The General Künneth Formula

The General Künneth Formula

Künneth formulae help us relate the (co)homology of a product space to the (co)homology of the factors. Recall that in Theorem 3.15 of Hatcher, we showed that if one of the factors has finitely generated, free cohomology groups, then \[H^*(X \times Y;R) \cong H^*(X;R) \otimes H^*(Y;R)\] In particular, we used the fact that finitely-generated free modules are flat (meaning that tensoring with them preserves exact sequences). In the general case, our modules will not necessarily be flat. The left derived functor corresponding to taking tensor products is called $\Tor$, and it will help us derive a general Künneth formula. It turns out that it is more natural to derive this general Künneth formula for homology, so we will do so.

Algebraic Preliminaries

Defining the Künneth formula for homology will be easier if we begin by building up some algebraic machinery.

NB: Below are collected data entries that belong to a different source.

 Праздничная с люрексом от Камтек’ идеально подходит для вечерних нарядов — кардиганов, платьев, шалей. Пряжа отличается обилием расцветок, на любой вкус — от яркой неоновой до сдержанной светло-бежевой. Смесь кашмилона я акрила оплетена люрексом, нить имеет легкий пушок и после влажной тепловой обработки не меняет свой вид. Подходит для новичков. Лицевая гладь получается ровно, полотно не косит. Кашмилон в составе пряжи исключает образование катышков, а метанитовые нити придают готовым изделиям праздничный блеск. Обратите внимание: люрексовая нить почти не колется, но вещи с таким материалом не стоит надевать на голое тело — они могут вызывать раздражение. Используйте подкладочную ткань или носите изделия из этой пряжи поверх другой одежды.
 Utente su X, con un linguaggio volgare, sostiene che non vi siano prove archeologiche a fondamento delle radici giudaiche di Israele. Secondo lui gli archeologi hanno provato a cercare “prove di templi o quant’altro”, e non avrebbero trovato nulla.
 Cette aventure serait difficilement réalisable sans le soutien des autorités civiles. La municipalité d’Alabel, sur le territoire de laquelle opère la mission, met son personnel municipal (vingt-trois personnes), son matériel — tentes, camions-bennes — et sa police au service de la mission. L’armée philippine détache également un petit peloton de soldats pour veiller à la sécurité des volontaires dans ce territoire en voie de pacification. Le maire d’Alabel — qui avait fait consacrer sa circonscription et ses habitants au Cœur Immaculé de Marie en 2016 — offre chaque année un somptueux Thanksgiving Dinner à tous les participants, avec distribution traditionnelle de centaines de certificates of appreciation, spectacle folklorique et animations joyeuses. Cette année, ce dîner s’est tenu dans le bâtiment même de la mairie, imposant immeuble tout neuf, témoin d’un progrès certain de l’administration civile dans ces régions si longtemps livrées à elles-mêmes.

The Tensor Product of Chain Complexes

Suppose that we have two chain complexes $(X_\bullet, \partial^X_\bullet)$ and $(Y_\bullet, \partial^Y_\bullet)$. We have seen earlier that we can define a direct sum of these complexes using the simple definition that $(X \oplus Y)_i = X_i \oplus Y_i$ and $\partial^{X \oplus Y}_i = \partial^X_i \oplus \partial^Y_i$. It would be natural to try to define the tensor product of the chain complexes analogously, but that turns out to be poorly-behaved.

A better definition is $(X \otimes Y)_k = \bigoplus_{i+j=k} X_i \otimes Y_j$ with boundary maps $\partial^{X \otimes Y}_k (x \otimes y) = \partial^X_ix \otimes y + (-1)^i x \otimes \partial^Y_j y$ for $x \in X_i, y \in Y_j, i+j=k$. This can be seen as the total complex of a bicomplex whose modules are given by $X_i \otimes Y_j$.

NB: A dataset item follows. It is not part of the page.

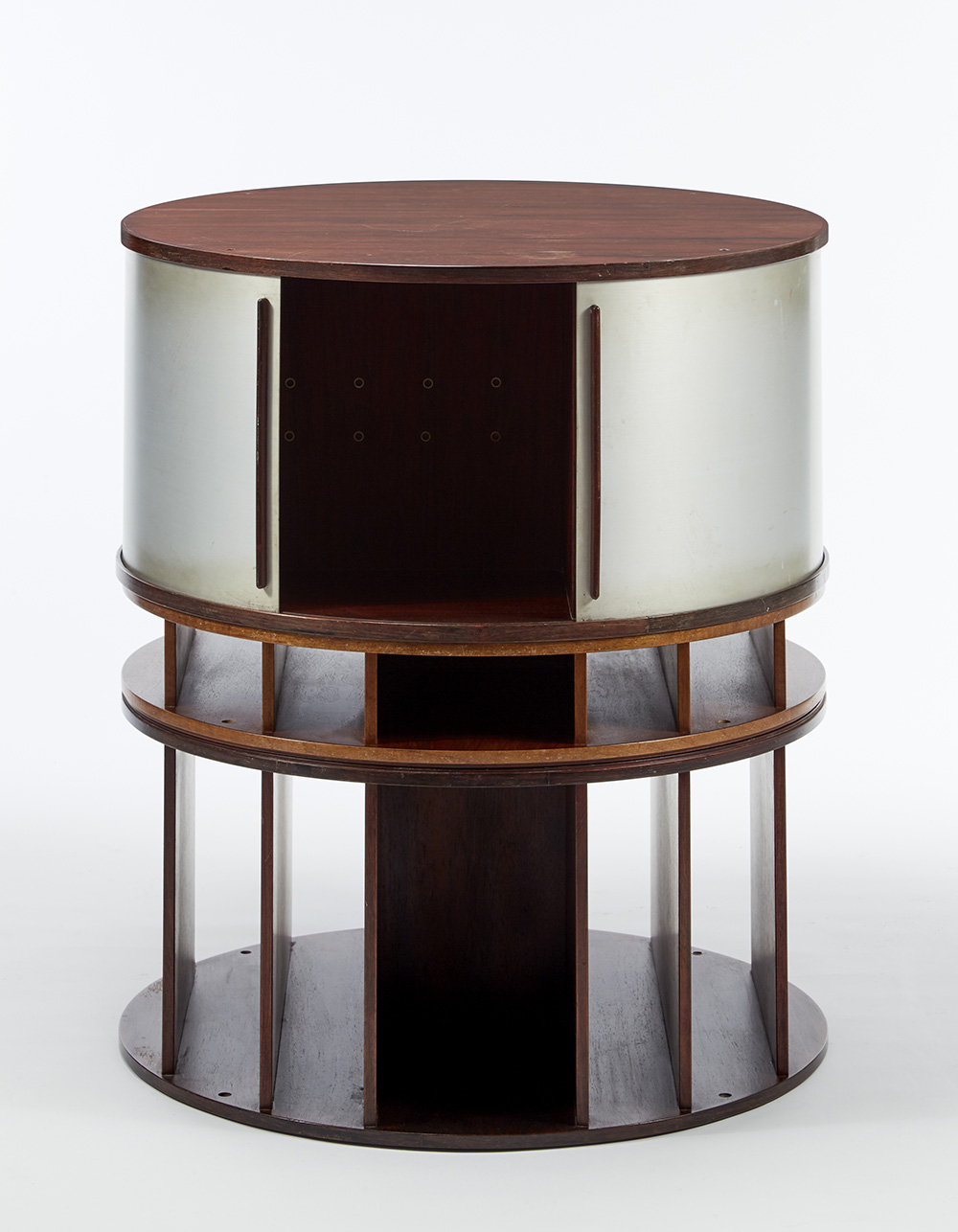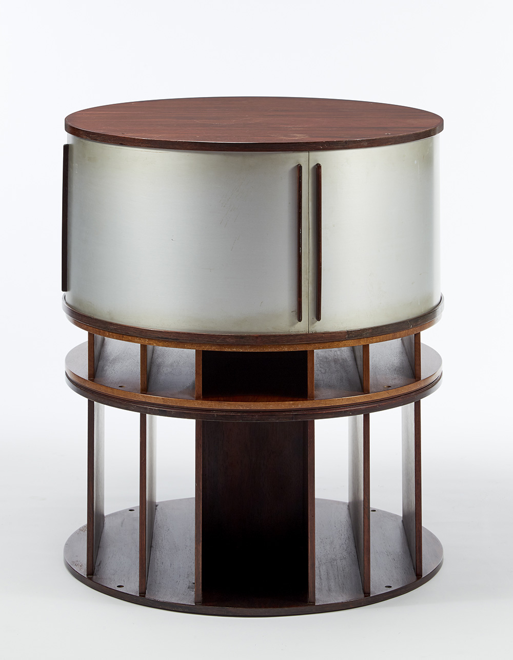 Three cylindrical elements which can be stacked and rotated one on the other equipped with a container and a bookcase model "Combi Center". Execution by Bernini, Italy, 1963/1964. Aluminum and veneered Indian rosewood. Silver medal at the 13th Milan Triennale of 1964. (h 95.5 cm.; d 84 cm.) (defects and losses)

One indication that this is a good definition for the tensor product of chain complexes is that the category of chain complexes of $R$-modules has an internal hom, given by the following chain complex \[\Big(\Hom(X,Y)\Big)_k = \prod_i \Hom_R(X_i, Y_{i+k})\] \[\left(\partial^{\Hom(X,Y)}_kf\right)(v) = \partial^Y_{}(f(v)) - (-1)^k f(\partial^X_{}(v))\] It turns out that, as one might expect, the tensor product of chain complexes is adjoint to the internal hom in the sence that for chain complexes $A,B,C$, we have a natural isomorphism \[\Hom(A \otimes B,C) \cong \Hom(A, \Hom(B,C))\]

The Algebraic Künneth Formula

There is a nice relationship between the homology groups of chain complexes and the homology groups of their tensor product. Hatcher calls this the algebraic version of the Künneth formula.

Let $C, C'$ be chain complexes of $R$-modules. If $R$ is a PID and the $R$-modules $C_i$ are free, then for each $n$ there is a natural short exact sequence \[0 \to \bigoplus_{i+j=n} H_i(C) \otimes_R H_j(C') \to H_n(C \otimes_R C') \to \bigoplus_{i+j=n} \Tor_R(H_i(C), H_{j-1}(C')) \to 0\] and this sequence splits

First, we will consider the special case where the boundary maps in $C$ are all zero. This means that $H_i(C) = C_i$. Since the boundary maps are zero, the boundary map in the tensor product complex simplifies to $\partial(c \otimes c') = (-1)^{|c|} c \otimes \partial c'$. Thus, the complex $C \otimes_R$ is simply the direct sum of the complexes $C_i \otimes_R C'$, and each of these complexes is a direct sum of copies of $C'$ because $C_i$ is free. So \[H_n(C_i \otimes_R C') \cong C_i \otimes_R H_{n-i}(C') = H_i(C) \otimes_R H_{n-i}(C')\] Taking a direct sum over $i$ gives us an isomorphism \[H_n(C \otimes_R C') \cong \bigoplus_i H_i(C) \otimes_R H_{n-i}(C')\] and this is precisely what we needed to prove. The $\Tor$ terms in the theorem statement are 0 since in this case $H_i(C) = C_i$ is free.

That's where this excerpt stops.